La diffusione di strumenti di manipolazione di immagini e video facilmente accessibili a un numero sempre più vasto di persone ha fatto crescere, negli ultimi anni, i problemi legati alla verifica di autenticità e alla credibilità dei dati multimediali. 

Nell’era dell’informazione, il noto detto “credo a ciò che vedo” non può più essere considerato un paradigma valido: oggi, quando si osserva un contenuto multimediale, non è affatto scontato il fatto di essere davanti a qualcosa di autentico e reale, quanto piuttosto al frutto di una rielaborazione o addirittura di una sintesi artificiale. Per questo è fondamentale disporre di tecniche che consentano di rivelare possibili alterazioni dei contenuti, specie quando queste sono realizzate in maniera talmente accurata da non essere percepibili ad occhio nudo.

L’analisi forense applicata alla multimedialità si occupa esattamente di questo. L’idea è quella di produrre algoritmi il più possibile automatizzati e affidabili in grado di scoprire una serie di tracce nascoste nei dati, che a loro volta consentano di determinare la sorgente dell’informazione (ad esempio quale modello di fotocamera è stato usato nell’acquisizione o addirittura quale specifico dispositivo), o eventuali elaborazioni e modifiche effettuate sui dati a valle dell’acquisizione come manipolazioni, cancellazioni o fotomontaggi.

I progressi ottenuti nell’ambito della multimedia forensics negli ultimi decenni sono estremamente rilevanti, ma vanno di pari passo con i progressi delle tecniche di generazione e manipolazione di immagini e video, in una sorta di sfida continua. In questo senso, un potente strumento nelle mani dei manipolatori è oggi costituito dall’intelligenza artificiale (AI - Artificial Intelligence). Attualmente sono disponibili tecniche basate su AI capaci di generare immagini e video falsi di eccezionale qualità, senza la necessità di grandi competenze da parte dell’utilizzatore. 

Studi recenti dimostrano come la generazione di visi umani basata su tecnologie di AI sia in grado di produrre immagini che il nostro cervello non riesce a distinguere da visi reali. Queste tecnologie sono alla base dei cosiddetti deepfake, video in cui una persona viene inserita in situazioni mai avvenute nella realtà. Vittime abituali di questi nuovi strumenti sono le persone maggiormente popolari (politici, attori, sportivi, ecc.), sia per l’impatto e la visibilità ottenibili dalla diffusione dei video, sia per il fatto che di tali persone sono disponibili grandi moli di dati e immagini, necessarie ai motori di intelligenza artificiale in fase di addestramento. 

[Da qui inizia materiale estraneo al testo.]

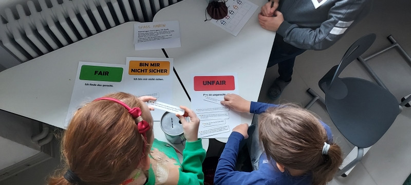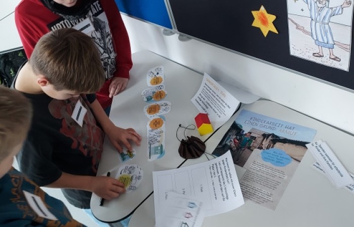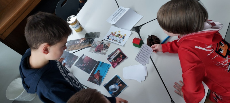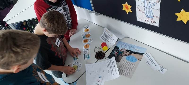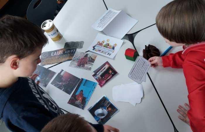 Nach wenigen Worten der Begrüßung und Hinführung waren die Schüler*innen schnell in kleine Sternsinger-Gruppen eingeteilt und diese mit Sammeldose und Laufzettel ausgestattet. Dann galt es im Klassenzimmer von Haus zu Haus zu ziehen und an vier Stationen als Team kleine Aufgaben zum Sternsingen und zum aktuellen Jahresthema „Sternsingen gegen Kinderarbeit – Schule statt Fabrik“ zu meistern.
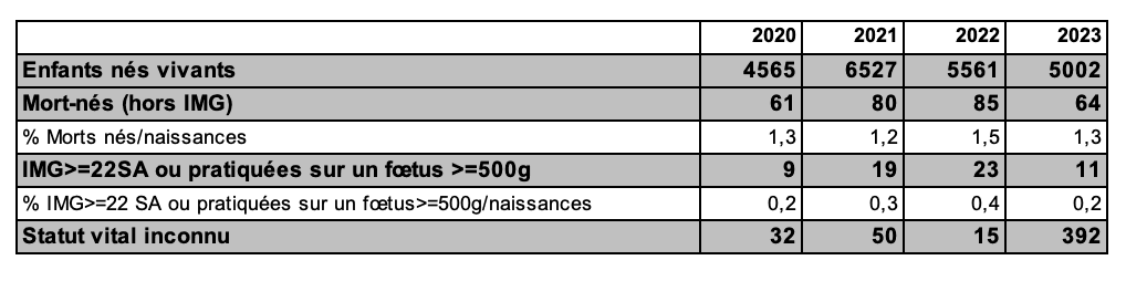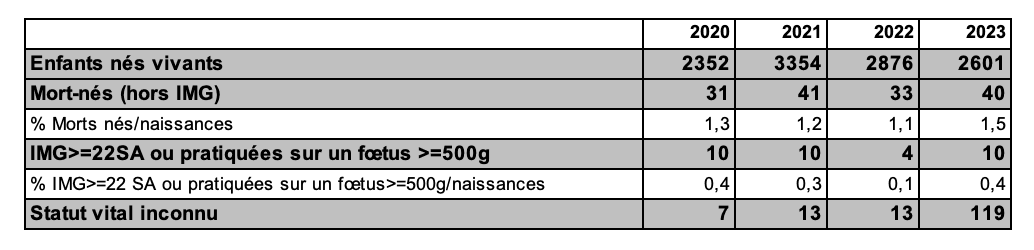 Tableau AMP36. TEC avec ovocytes et spermatozoïdes du couple : issues d'accouchements de 2020 à 2023

È così possibile creare clip estremamente realistiche in cui alla vittima vengono fatte dire frasi completamente inventate, sovrapponendo espressioni facciali impostate dal creatore o semplicemente copiate da un modello umano (un attore). 

Tutto ciò pone domande cruciali rispetto al confine esistente fra mondo reale e mondo virtuale e alla possibilità, per un utente umano, di distinguere tra i due. Per evitare che tali metodologie possano essere utilizzate in maniera non controllata, l’ingegneria forense studia sempre nuovi metodi di difesa, ideando tecniche via via più sofisticate. 

Di questo ci occupiamo con il team Multimedia Signal Processing and Understanding Lab (MMLab) del Dipartimento di Ingegneria e Scienza dell'Informazione UniTrento, in particolare all’interno dei progetti Premier (PREserving Media trustworthiness in the artificial Intelligence Era ) e Unchained (Uncovering media manipulation chains through container and content detectable traces). Da un lato studiamo come distinguere dati generati o modificati con AI da media reali autentici (ad esempio rilevando che è stato eliminato un soggetto da un video con tecniche di inpainting), dall’altro affrontiamo un ulteriore aspetto fondamentale che è la diffusione di tali dati su social media e canali web.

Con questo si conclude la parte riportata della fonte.